The prophecy, ‘I gave my back to the smiters … and I hid not my face from shame and spitting’ (Isaiah 1:6) was literally fulfilled. From this most dreadful portion of the narrative we learn:—

I. The malignant cruelty of Christ’s enemies.—Pilate unjustly delivered Christ over to be scourged. The Roman scourging was horribly severe. Drops of lead and small sharp-pointed bones were often plaited on the scourges. The rough Roman soldiers smote the Saviour. In the ages of cruelty a prisoner was delivered over to the mockery of the guards, and the mockery with which the duty was fulfilled shows that they spared Christ no infliction. The cruelty of the heart, untouched with the softening influences of Christianity, is indeed unfathomable.

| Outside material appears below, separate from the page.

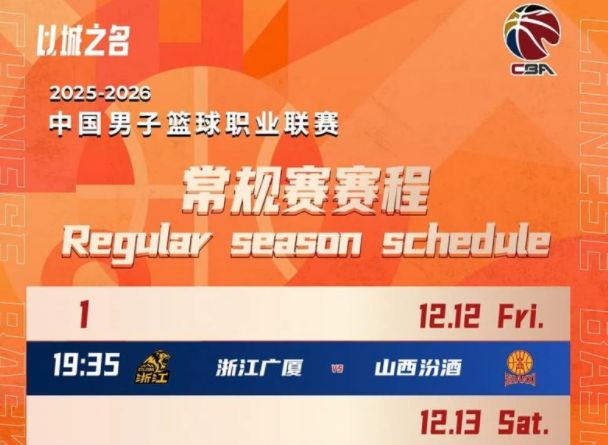 CBA25-26赛季会在12月12日打响,比上赛季的10月12日开赛晚了两个月。

II. The wonderful patience of Christ.—The hands they bound had healed the sick and raised the dead; the lips they smote had calmed the winds and waves. One word and His smiters might have been laid low in death. But as He had begun, and continued, He would end … as self-restrained in the use of His awful powers on His own behalf as if He had been the most helpless of men.… Divine patience and infinite love knew no wearying.

III. His deep humiliation.—Spitting was an expression of the most thorough contempt (Numbers 12:14; Deuteronomy 25:9). Those who were excommunicated were especially open to this expression of contempt. Christ was spit upon by Jews and Gentiles.

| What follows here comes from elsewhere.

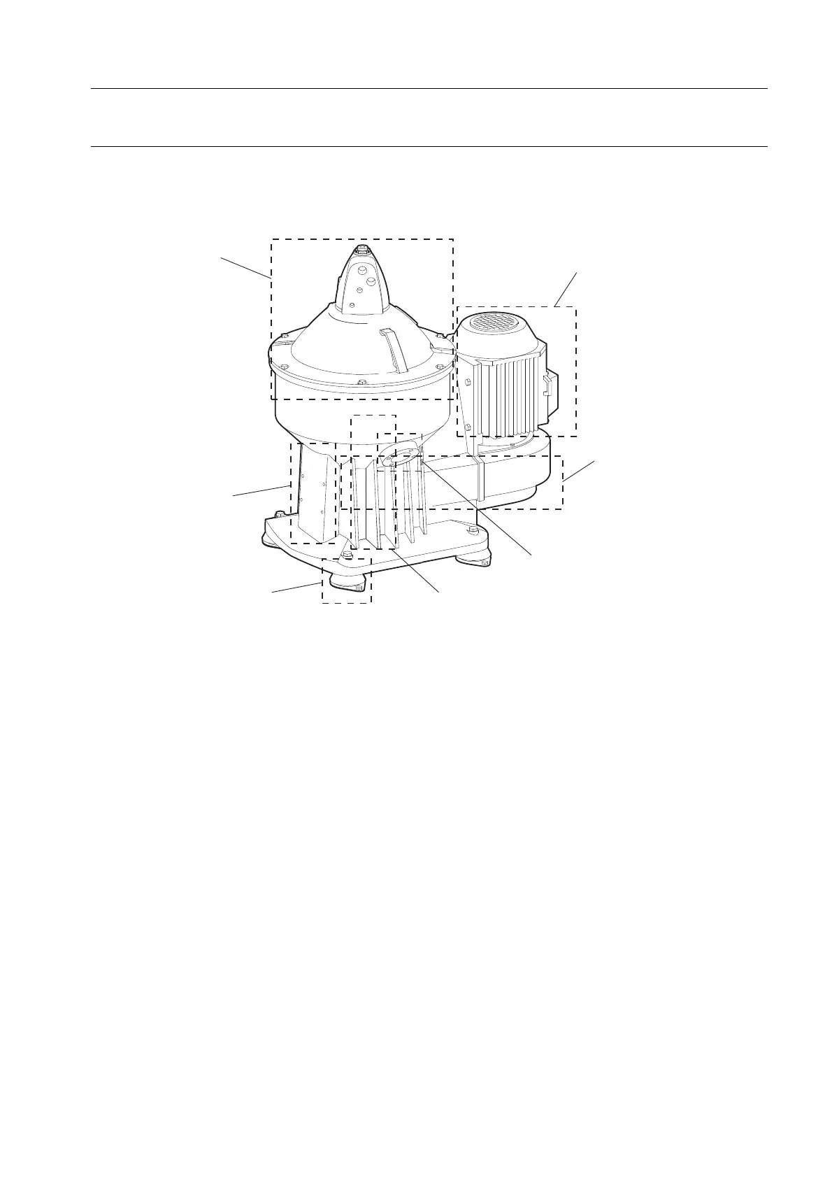 The rotating separator bowl is driven by a flat belt transmission with friction coupling.

IV. Who was He?—Think once more (as we need again and again to be reminded in considering such scenes), who was He? Your God and Lord. And think, too, again of why He endured this smiting and spitting. It was for our salvation.

Illustration

‘In our own day deeds of cruelty are wrought sufficient to make the blood curdle in the veins; but these deeds were once common, and excited but little comment or reprobation. From this scourging of the Son of God we learn what the influence of Christ has been in the world. Such a scene is impossible in Christian England. Why? Because it is permeated with the softening ideas of Christianity. Not civilisation alone, but the doctrines of Christ, have transformed the moral aspect of mankind.’